What you will do =
What are the lines, word for word, from the line with "Como podemos ver, la" up to and including the line with "Maximum base shear" in the records below? Omit the pictures.

Data provided =
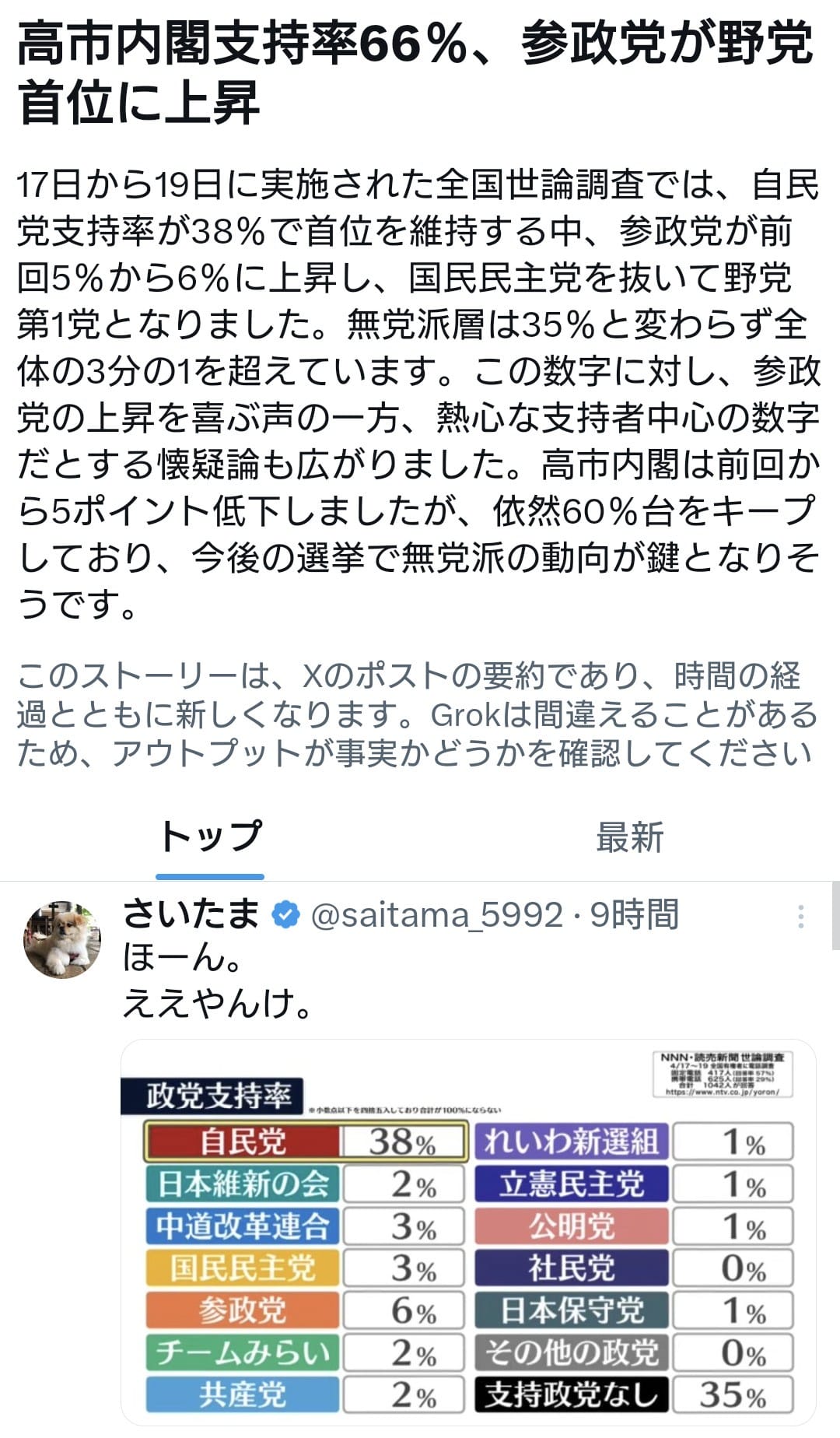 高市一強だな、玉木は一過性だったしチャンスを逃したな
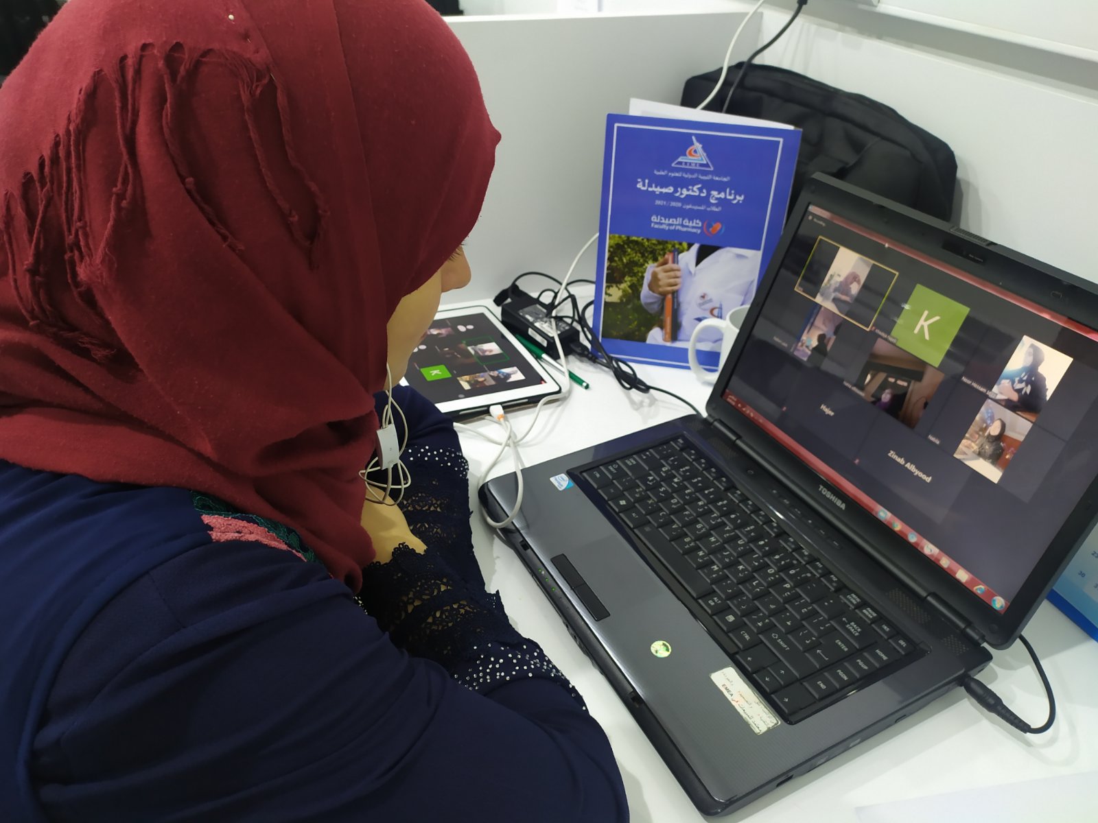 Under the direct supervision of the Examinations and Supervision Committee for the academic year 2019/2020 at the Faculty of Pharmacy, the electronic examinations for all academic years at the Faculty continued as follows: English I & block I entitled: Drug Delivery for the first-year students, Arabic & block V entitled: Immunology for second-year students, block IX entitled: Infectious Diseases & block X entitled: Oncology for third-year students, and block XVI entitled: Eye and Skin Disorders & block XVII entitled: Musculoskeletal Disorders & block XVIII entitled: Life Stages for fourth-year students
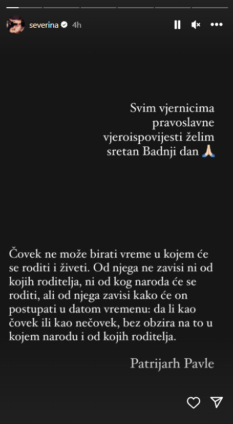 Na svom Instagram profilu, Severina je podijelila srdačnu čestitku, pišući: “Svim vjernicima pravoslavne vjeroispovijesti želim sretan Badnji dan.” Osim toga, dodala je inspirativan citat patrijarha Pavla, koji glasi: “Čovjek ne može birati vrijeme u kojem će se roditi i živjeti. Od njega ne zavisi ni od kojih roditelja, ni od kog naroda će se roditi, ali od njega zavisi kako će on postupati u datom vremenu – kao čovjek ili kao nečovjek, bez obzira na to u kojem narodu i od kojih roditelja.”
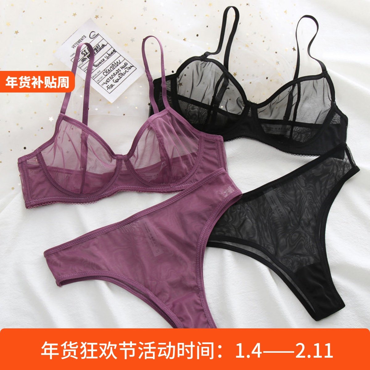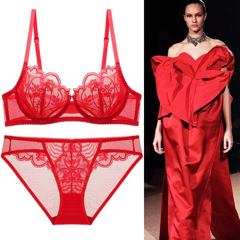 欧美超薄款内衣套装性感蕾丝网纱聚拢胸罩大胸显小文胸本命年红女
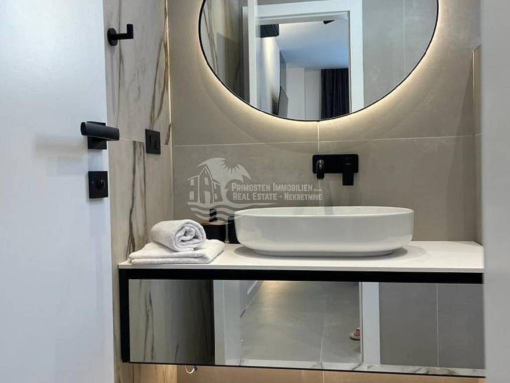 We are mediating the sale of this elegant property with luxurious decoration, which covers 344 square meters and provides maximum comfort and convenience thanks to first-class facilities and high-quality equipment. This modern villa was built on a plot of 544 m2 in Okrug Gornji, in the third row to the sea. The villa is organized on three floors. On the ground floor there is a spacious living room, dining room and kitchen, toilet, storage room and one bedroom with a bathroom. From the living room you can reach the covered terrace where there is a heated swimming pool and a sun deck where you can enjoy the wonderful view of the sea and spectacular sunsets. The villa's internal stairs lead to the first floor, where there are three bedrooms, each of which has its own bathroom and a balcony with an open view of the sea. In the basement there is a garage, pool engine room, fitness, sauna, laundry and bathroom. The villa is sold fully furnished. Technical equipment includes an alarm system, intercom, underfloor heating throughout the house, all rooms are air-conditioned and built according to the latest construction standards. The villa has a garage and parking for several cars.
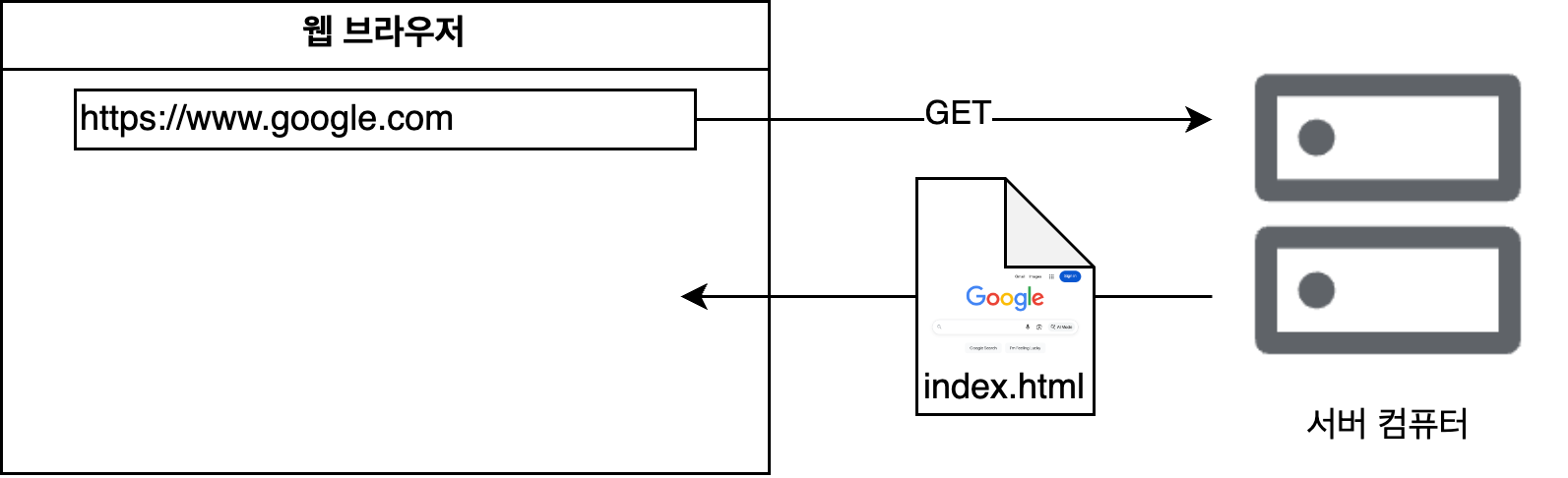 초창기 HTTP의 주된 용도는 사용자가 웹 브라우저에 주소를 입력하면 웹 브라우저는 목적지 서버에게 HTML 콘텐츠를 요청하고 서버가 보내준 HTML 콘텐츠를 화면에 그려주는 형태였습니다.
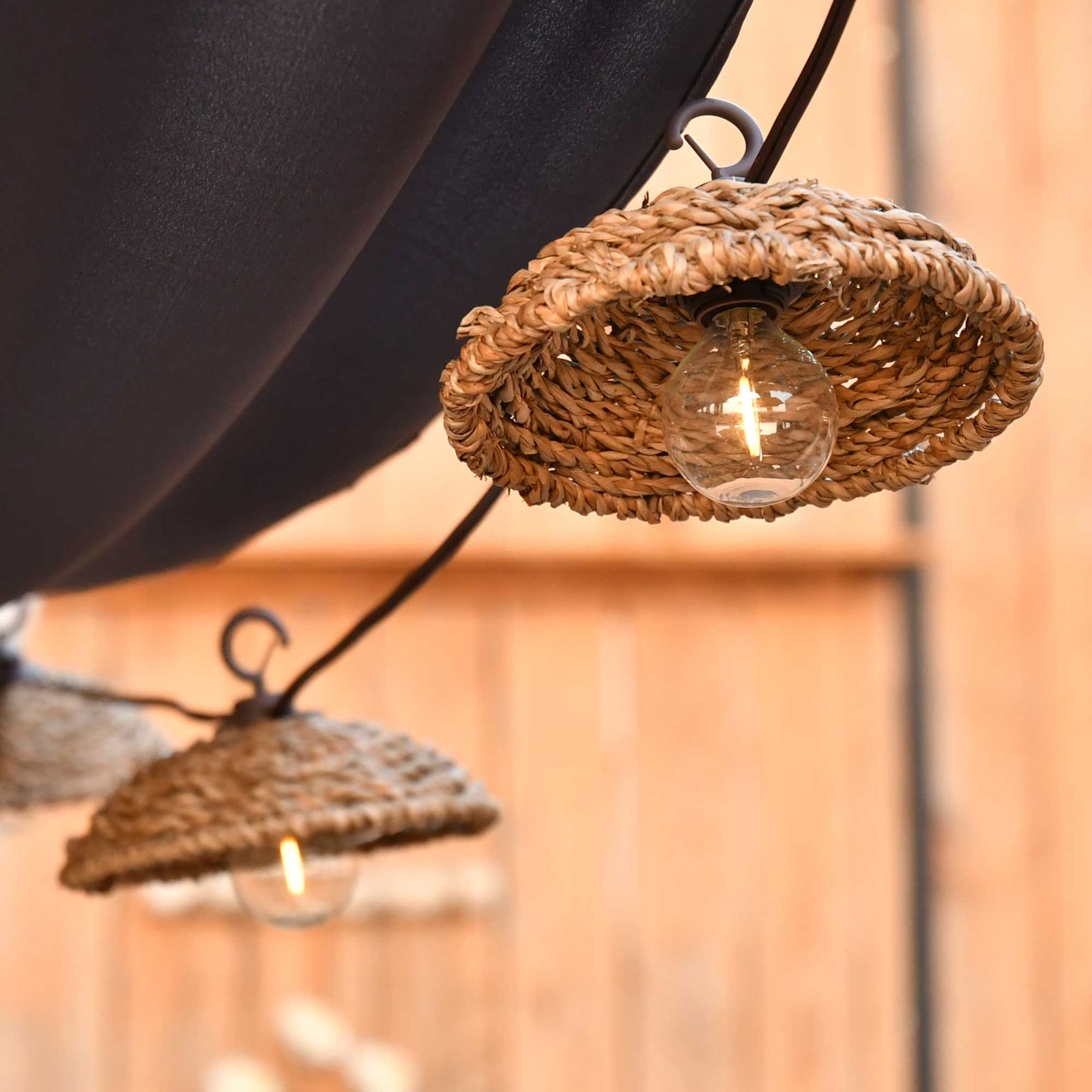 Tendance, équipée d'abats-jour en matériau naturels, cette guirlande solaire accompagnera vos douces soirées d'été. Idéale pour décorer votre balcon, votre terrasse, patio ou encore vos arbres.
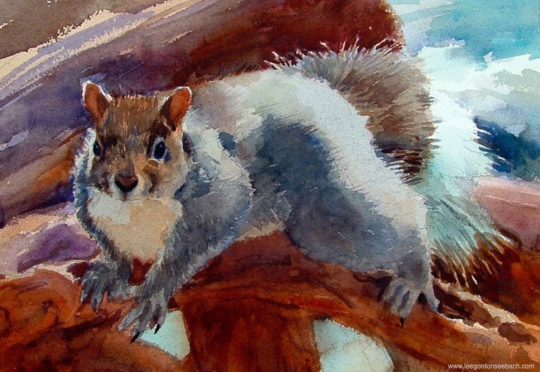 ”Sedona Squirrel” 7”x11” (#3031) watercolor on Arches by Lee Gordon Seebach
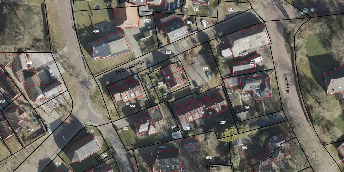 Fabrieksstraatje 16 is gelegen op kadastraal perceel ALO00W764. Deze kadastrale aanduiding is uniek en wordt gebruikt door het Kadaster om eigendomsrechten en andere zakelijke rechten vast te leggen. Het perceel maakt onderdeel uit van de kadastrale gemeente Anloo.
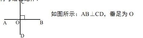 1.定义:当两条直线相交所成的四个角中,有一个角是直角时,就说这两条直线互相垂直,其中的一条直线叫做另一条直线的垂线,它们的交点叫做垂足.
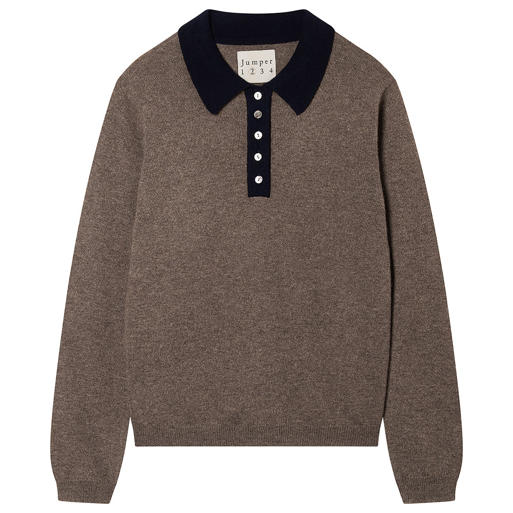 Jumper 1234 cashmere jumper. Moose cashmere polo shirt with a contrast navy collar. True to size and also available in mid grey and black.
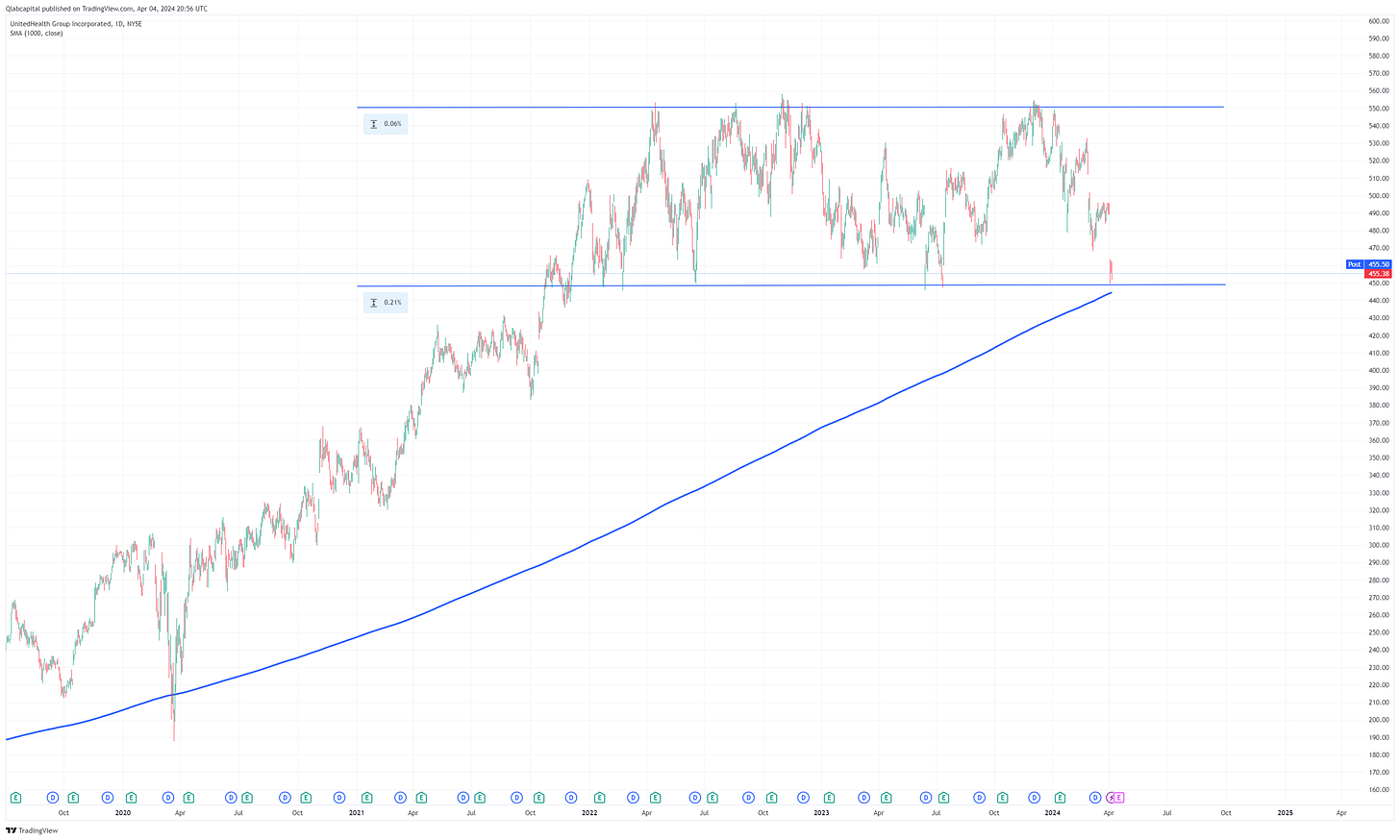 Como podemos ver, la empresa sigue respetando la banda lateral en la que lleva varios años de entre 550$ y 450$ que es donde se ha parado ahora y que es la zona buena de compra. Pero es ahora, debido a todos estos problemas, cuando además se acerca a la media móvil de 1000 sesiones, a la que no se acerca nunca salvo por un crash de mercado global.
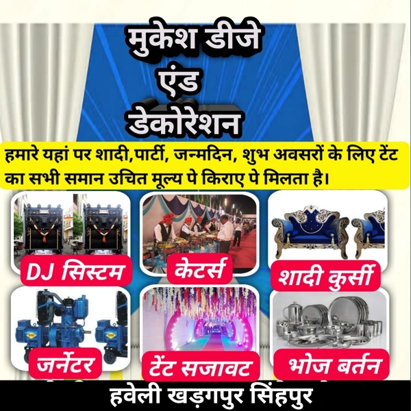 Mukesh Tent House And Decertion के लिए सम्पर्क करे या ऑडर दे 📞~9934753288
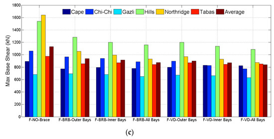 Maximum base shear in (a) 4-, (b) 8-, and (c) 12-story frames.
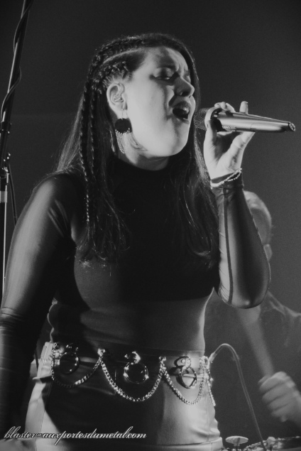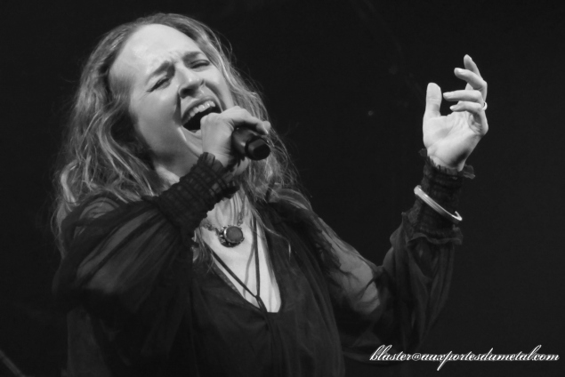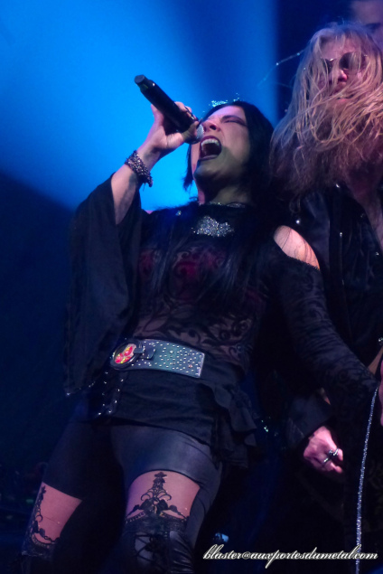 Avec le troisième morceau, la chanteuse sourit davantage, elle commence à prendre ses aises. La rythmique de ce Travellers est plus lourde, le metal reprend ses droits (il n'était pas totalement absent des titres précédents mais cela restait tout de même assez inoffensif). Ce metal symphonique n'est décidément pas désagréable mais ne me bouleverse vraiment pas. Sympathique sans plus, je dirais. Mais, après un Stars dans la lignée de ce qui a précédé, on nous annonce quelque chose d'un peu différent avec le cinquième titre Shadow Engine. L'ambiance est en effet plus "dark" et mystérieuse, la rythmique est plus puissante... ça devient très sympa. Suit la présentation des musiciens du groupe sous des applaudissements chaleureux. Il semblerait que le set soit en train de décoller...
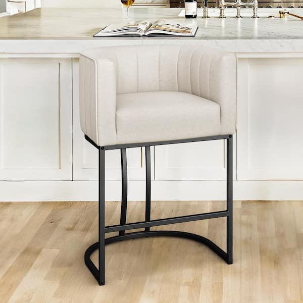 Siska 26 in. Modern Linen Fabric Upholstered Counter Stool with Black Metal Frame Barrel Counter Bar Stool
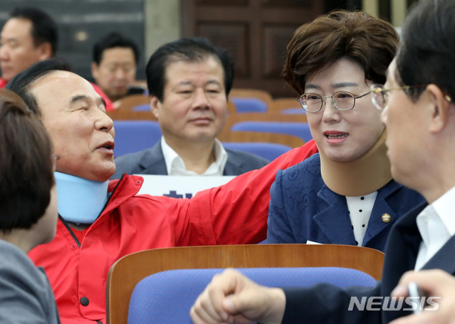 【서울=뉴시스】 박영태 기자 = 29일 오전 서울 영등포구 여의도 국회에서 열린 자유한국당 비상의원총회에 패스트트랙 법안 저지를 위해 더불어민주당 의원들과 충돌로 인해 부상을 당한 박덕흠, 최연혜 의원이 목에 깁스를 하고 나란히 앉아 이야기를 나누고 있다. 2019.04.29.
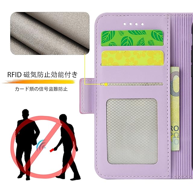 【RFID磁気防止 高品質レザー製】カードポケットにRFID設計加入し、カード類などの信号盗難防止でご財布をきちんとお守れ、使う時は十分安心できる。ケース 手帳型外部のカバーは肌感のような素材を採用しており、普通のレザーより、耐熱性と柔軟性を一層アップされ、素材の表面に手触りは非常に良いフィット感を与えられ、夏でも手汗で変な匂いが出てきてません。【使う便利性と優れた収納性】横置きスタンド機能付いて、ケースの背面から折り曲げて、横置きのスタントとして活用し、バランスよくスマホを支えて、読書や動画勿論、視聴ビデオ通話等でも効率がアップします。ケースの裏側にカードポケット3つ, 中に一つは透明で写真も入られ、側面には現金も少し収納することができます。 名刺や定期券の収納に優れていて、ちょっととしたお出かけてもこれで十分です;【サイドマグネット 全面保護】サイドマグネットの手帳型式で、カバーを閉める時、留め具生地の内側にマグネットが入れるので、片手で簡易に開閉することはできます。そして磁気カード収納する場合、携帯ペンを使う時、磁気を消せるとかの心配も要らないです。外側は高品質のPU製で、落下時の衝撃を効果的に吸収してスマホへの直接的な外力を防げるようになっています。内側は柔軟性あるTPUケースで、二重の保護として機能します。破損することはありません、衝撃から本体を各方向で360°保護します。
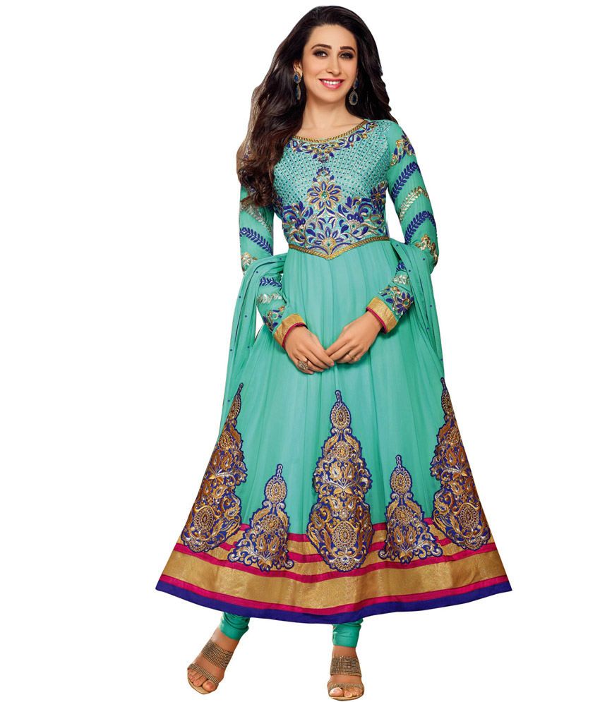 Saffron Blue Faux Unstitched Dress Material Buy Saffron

Exercise response =
 Como podemos ver, la empresa sigue respetando la banda lateral en la que lleva varios años de entre 550$ y 450$ que es donde se ha parado ahora y que es la zona buena de compra. Pero es ahora, debido a todos estos problemas, cuando además se acerca a la media móvil de 1000 sesiones, a la que no se acerca nunca salvo por un crash de mercado global.
 Mukesh Tent House And Decertion के लिए सम्पर्क करे या ऑडर दे 📞~9934753288
 Maximum base shear in (a) 4-, (b) 8-, and (c) 12-story frames.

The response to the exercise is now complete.